INFORMATION PROVIDED »
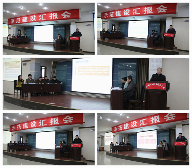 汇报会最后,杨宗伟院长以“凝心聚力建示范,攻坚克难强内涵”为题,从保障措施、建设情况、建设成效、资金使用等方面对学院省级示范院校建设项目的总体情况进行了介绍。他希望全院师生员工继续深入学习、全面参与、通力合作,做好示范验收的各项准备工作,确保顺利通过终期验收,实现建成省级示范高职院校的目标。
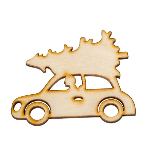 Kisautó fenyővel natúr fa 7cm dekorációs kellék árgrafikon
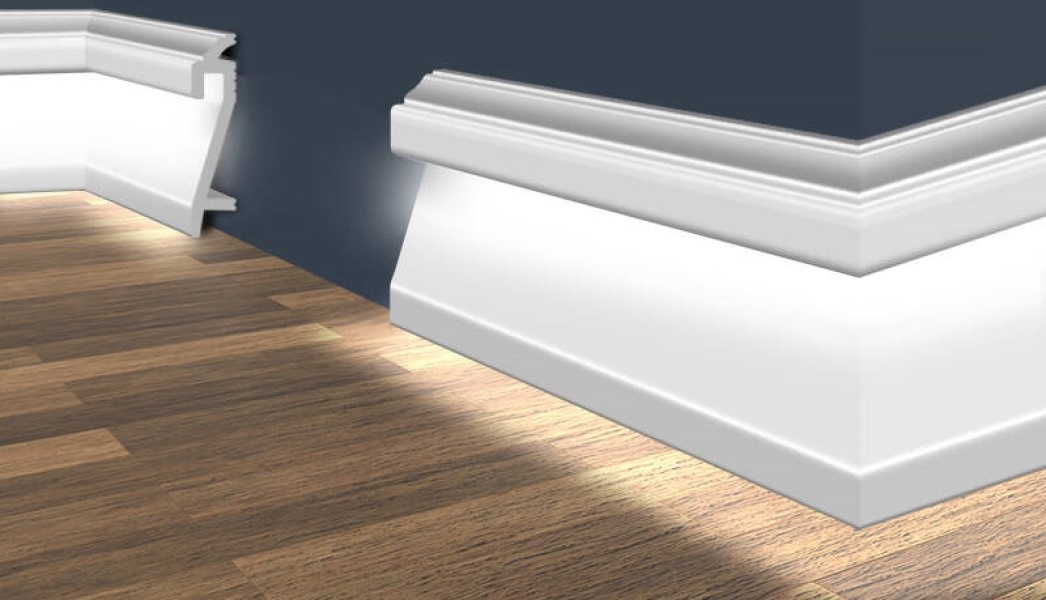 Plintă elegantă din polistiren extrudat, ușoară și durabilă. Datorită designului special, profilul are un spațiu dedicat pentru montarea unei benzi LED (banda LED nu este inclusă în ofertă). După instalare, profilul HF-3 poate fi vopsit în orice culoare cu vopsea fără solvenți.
...
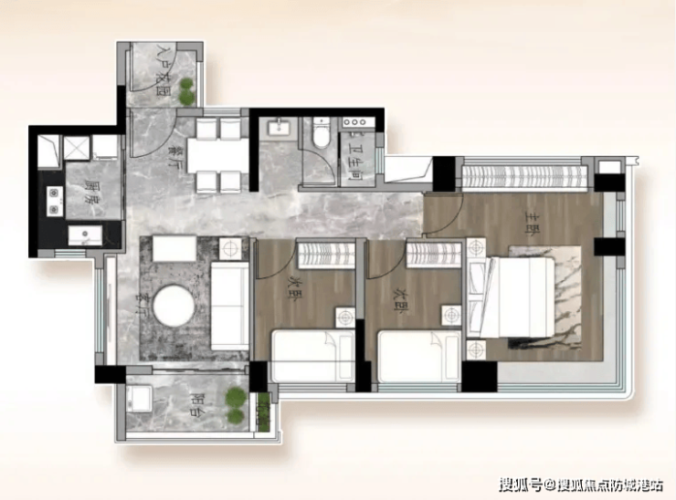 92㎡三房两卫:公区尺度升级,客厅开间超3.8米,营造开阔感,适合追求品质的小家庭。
==
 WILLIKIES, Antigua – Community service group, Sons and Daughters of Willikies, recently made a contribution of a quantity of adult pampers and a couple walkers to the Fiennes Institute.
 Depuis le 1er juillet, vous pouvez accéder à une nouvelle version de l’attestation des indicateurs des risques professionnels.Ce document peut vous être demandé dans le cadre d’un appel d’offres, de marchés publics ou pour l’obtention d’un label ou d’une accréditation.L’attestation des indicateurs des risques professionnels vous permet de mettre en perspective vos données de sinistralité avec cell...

WHAT IS REQUIRED »
Please return only the lines above, starting at the line that has "WILLIKIES, Antigua –" and ending at the line that has "Depuis le 1er", keeping both and leaving each one unchanged.

EXPECTED OUTPUT »
 WILLIKIES, Antigua – Community service group, Sons and Daughters of Willikies, recently made a contribution of a quantity of adult pampers and a couple walkers to the Fiennes Institute.
 Depuis le 1er juillet, vous pouvez accéder à une nouvelle version de l’attestation des indicateurs des risques professionnels.Ce document peut vous être demandé dans le cadre d’un appel d’offres, de marchés publics ou pour l’obtention d’un label ou d’une accréditation.L’attestation des indicateurs des risques professionnels vous permet de mettre en perspective vos données de sinistralité avec cell...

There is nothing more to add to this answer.